After taking 2013 off, Moogfest is back and clammering to be at the top of your social media news feed. Their big idea to make that happen? The Moogfest Amplification Society, which, during February, turned would-be fans into marketing minions who posted, tweeted, shared and instagrammed for a chance to be atop the contest’s leader board for festival tickets or a Moog Sub Phatty, the company’s high-end analog synthesizer. Durham’s Sarah Eldred ended the contest with 335,115 points, a score that nearly doubled that of the second-place finisher.

“I do social media for my job at a non-profit, so I thought I should at least give it a try,” says Eldred, who has been to Moogfest twice. “Places 2–11 won free tickets, and I thought, ‘Well, maybe I can make it to 11th place.’ I’m very competitive, so when I got into the top five, I went all in.”

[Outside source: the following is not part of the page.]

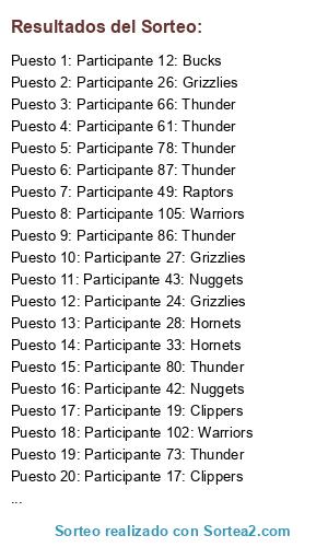 Lista de participantes: Participante 1: Bucks, Participante 2: Bucks, Participante 3: Bucks, Participante 4: Bucks, Participante 5: Bucks, Participante 6: Bucks, Participante 7: Bucks, Participante 8: Bucks, Participante 9: Bucks, Participante 10: Bucks, Participante 11: Bucks, Participante 12: Bucks, Participante 13: Clippers, Participante 14: Clippers, Participante 15: Clippers, Participante 16: Clippers, Participante 17: Clippers, Participante 18: Clippers, Participante 19: Clippers, Participante 20: Clippers, Participante 21: Clippers, Participante 22: Grizzlies, Participante 23: Grizzlies, Participante 24: Grizzlies, Participante 25: Grizzlies, Participante 26: Grizzlies, Participante 27: Grizzlies, Participante 28: Hornets, Participante 29: Hornets, Participante 30: Hornets, Participante 31: Hornets, Participante 32: Hornets, Participante 33: Hornets, Participante 34: Hornets, Participante 35: Hornets, Participante 36: Hornets, Participante 37: Hornets, Participante 38: Hornets, Participante 39: Nuggets, Participante 40: Nuggets, Participante 41: Nuggets, Participante 42: Nuggets, Participante 43: Nuggets, Participante 44: Nuggets, Participante 45: Nuggets, Participante 46: Nuggets, Participante 47: Raptors, Participante 48: Raptors, Participante 49: Raptors, Participante 50: Raptors, Participante 51: Raptors, Participante 52: Raptors, Participante 53: Raptors, Participante 54: Raptors, Participante 55: Raptors, Participante 56: Raptors, Participante 57: Raptors, Participante 58: Thunder, Participante 59: Thunder, Participante 60: Thunder, Participante 61: Thunder, Participante 62: Thunder, Participante 63: Thunder, Participante 64: Thunder, Participante 65: Thunder, Participante 66: Thunder, Participante 67: Thunder, Participante 68: Thunder, Participante 69: Thunder, Participante 70: Thunder, Participante 71: Thunder, Participante 72: Thunder, Participante 73: Thunder, Participante 74: Thunder, Participante 75: Thunder, Participante 76: Thunder, Participante 77: Thunder, Participante 78: Thunder, Participante 79: Thunder, Participante 80: Thunder, Participante 81: Thunder, Participante 82: Thunder, Participante 83: Thunder, Participante 84: Thunder, Participante 85: Thunder, Participante 86: Thunder, Participante 87: Thunder, Participante 88: Timberwolves, Participante 89: Timberwolves, Participante 90: Timberwolves, Participante 91: Timberwolves, Participante 92: Timberwolves, Participante 93: Timberwolves, Participante 94: Timberwolves, Participante 95: Timberwolves, Participante 96: Timberwolves, Participante 97: Timberwolves, Participante 98: Warriors, Participante 99: Warriors, Participante 100: Warriors, Participante 101: Warriors, Participante 102: Warriors, Participante 103: Warriors, Participante 104: Warriors, Participante 105: Warriors.

Eldred made a daily show of force, posting to her Facebook, Instagram and Twitter accounts to reach out to friends for support. Digital marketing at its best, right?

Well, not quite: Eldred caught a big jump in her numbers only after another competitor and his friends made several sexist remarks about her on his public Facebook profile. Exchanges on his page suggested she was “showing tits on Twitter” for points or had embedded her festival recruitment link into an ad for porn.

“I honestly felt so grossed out by it and ashamed that I wanted to just quietly quit. And then I had this moment where I realized, ‘Oh my god, this is what sexism—specifically online sexism—looks like, saying things about women in an attempt to make them shut up. So, I went the opposite route,” she says.

Her numbers surged, as did the online muckraking. Rumors that she had programmed spambots, hired a PR firm and worked was a con for Moog followed. But Eldred’s lead only grew.

“The whole thing really restored my faith that—even though the Internet is often a scary, mean place for everyone, especially women—there are actual human beings in the world and in my life who work against that behavior.”

And if that’s not enough, she’ll have a new synthesizer and a long weekend of music waiting for her in April.

“There’s something really special and cool to me about all things Moog,” she says,. “It’s sort of a perfect festival.”